Contrast this with just leaving it as a float instead of an interval, where you would've gotten the correct answer.
> In any case, since intervals are more likely to be more like ± 0.000000000000001, it doesn't seem like a problem in practice even if the compiler/interpreter doesn't optimize it away?
That's only after 1 iteration. Notice that in my example the error was multiplicative, not additive. Run more iterations and your error will magnify.
But there's nothing "wrong" about it, it's correct -- that's how it's designed to work. If you're starting with non-extreme values and just miniscule floating-point errors and iterate 1,000 times with basic arithmetic I still don't see how it's going to cause a problem. E.g.:
Math.pow((1 + Number.EPSILON), 1000) => 1.000000000000222
The result is the same even if you multiply in a loop 1,000 times rather than call Math.pow().If you're multiplying a million or billion times then that's where I can now understand you should be an expert an numerical analysis in the first place to have any confidence in your result, and you know whether or not your float result can be trusted or not at all.
But the good thing is that if you don't know what you're doing, started with interval arithmetic and it ballooned to (-∞, +∞), then that's a strong signal you shouldn't necessarily be trusting the algorithm's results at all, and to go talk to someone with a background in numerical analysis, right?
Whereas if you iterate a million times and the interval is still miniscule compared to your values, you have absolute confidence you're fine. Seems useful to me -- not useless or actively harmful at all.
> It should be x / x = 1.0 ± 0.0, but interval arithmetic will give you [3/5, 5/3].

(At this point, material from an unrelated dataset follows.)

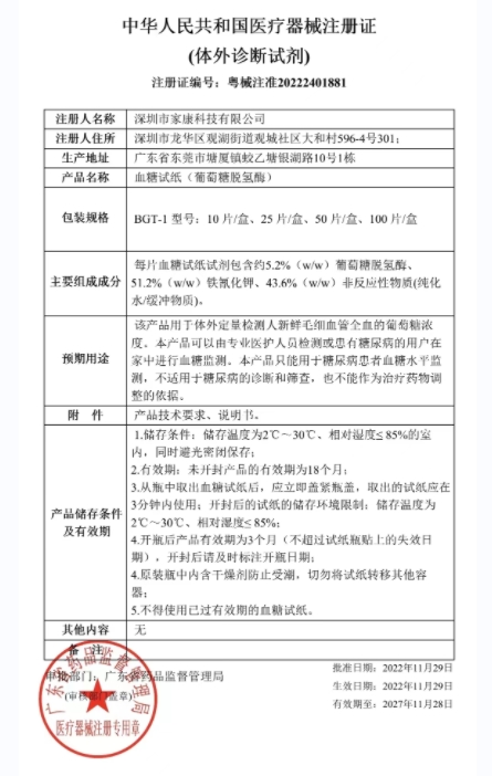 2023-03-10: 1、注冊證附件“產(chǎn)品技術(shù)要求”變更內(nèi)容見附頁1(共1頁);rn2、包裝規(guī)格由“BGT-1 型號:10 片/盒、25 片/盒、50 片/盒、100 片/盒”變更為:“BGT-1型號:10片/盒、25片/盒、50片/盒、100片/盒;10片/盒(單片包)、25片/盒(單片包)、50片/盒(單片包)、100片/盒(單片包)”;rn3、產(chǎn)品存儲條件及有效期由“1.儲存條件:儲存溫度為2℃~30℃、相對濕度≤ 85%的室內(nèi),同時避光密閉保存; 2.有效期:未開封產(chǎn)品的有效期為18個月; 3.從瓶中取出血糖試紙后,應(yīng)立即蓋緊瓶蓋,取出的試紙應(yīng)在3分鐘內(nèi)使用;開封后的試紙的儲存環(huán)境限制:儲存溫度為2℃~30℃、相對濕度≤ 85%; 4.開瓶后產(chǎn)品有效期為3個月(不超過試紙瓶貼上的失效日期),開封后請及時標(biāo)注開瓶日期; 5.原裝瓶中內(nèi)含干燥劑防止受潮,切勿將試紙轉(zhuǎn)移其他容器; 6.不得使用已過有效期的血糖試紙?!弊兏鼮?“1.儲存條件:儲存溫度為2℃~30℃、相對濕度≤ 85%的室內(nèi),同時避光密閉保存; 2.有效期:未開封產(chǎn)品的有效期為24個月; 3.從瓶中取出血糖試紙后,應(yīng)立即蓋緊瓶蓋,取出的試紙應(yīng)在3分鐘內(nèi)使用;開封后的試紙的儲存環(huán)境限制:儲存溫度為2℃~30℃、相對濕度≤ 85%;rn4.開瓶后產(chǎn)品有效期為3個月(不超過試紙瓶貼上的失效日期),開封后請及時標(biāo)注開瓶日期; 5.原裝瓶中內(nèi)含干燥劑防止受潮,切勿將試紙轉(zhuǎn)移其他容器; 6.不得使用已過有效期的血糖試紙?!?rn4、注冊證附件“產(chǎn)品說明書”變更內(nèi)容見附頁2(共1頁)。
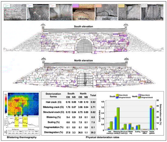 The stone block foundation of the Sungnyemun Gate exhibits physical damage, mainly cracks, blistering, scaling, granular disintegration, fragmentation, and bullet traces by a gunfight. As depicted in the physical deterioration map in Figure 3, the frequency of cracks on the north face was approximately three times that observed on the south face. The cracks are concentrated in the original blocks and can be divided into hair, blistering, and structural cracks. Further, the crack index proposed by Jo and Lee [39] was calculated. The hair crack index was 0.16 on the south face and 1.09 on the north face, the blistering crack index was 1.76 on the south face and 3.06 on the north face, and the structural crack index was 0.15 on the south face and 0.75 on the north face. The blistering cracks showed the most damage. There was less crack damage on the south face, where a higher number of original blocks was replaced with new blocks as compared to the north face.

This is the “dependency problem” which is eliminated in many cases, and mitigated in others, by rewriting so identical (vs. merely in components) values appear only once; when you might need a numerical answer at one point (if possible) but to use the value in further computations, this can be done by storing and manipulating values symbolically and extracting numerical results as needed.
Even if this may come out as a bit snarky, this is a very good, honest, and helpful answer. At least, it would be helpful to extremely skeptical people like me. I'm a bit like crazygringo, and I cannot be convinced of anything until I have tried it myself and dirtied my hands with it.
To crazygringo: for a concrete, real-world example, try to implement a Kalman filter (a very simple numerical algorithm) using interval arithmetic. It simply doesn't work. You'll see that you cannot extract any useful result from the output of the computation. The implementation of an "interval Kalman filtering" is a (niche) subject of current research, where various very complicated algorithms are being invented to try to reproduce the nice properties of Kalman filtering--even when using something obviously inappropriate like interval arithmetic. For an intuitive understanding, assume that the input data are quantized to integer values, so that the starting intervals are of length 1.
> Contrast this with just leaving it as a float instead of an interval, where you would've gotten the correct answer.
But if I type into my console:
var a = 0.1; var b = a + 0.2; b -= 0.2; b == a;
I get false. That's not correct. Whereas if "==" checked for overlap between intervals, it would be true. Which would be correct.Heck, to use your own division example:
(0.1 + 0.2 - 0.2) / 0.1 ==> 1.0000000000000002
That's not 1.0. So the FP you claim is so correct... just isn't at all. Again, while interval arithmetic would correctly detect overlap of intervals between that and 1.0.Anyways, thanks for trying to explain.
(0.1 + 0.2 - 0.2) / 0.1 ==[+/- .001] 1.0 => True
Now you've got me learning about how affine arithmetic can help with the dependency problem but has its own drawbacks. Thanks for pointing me in that direction!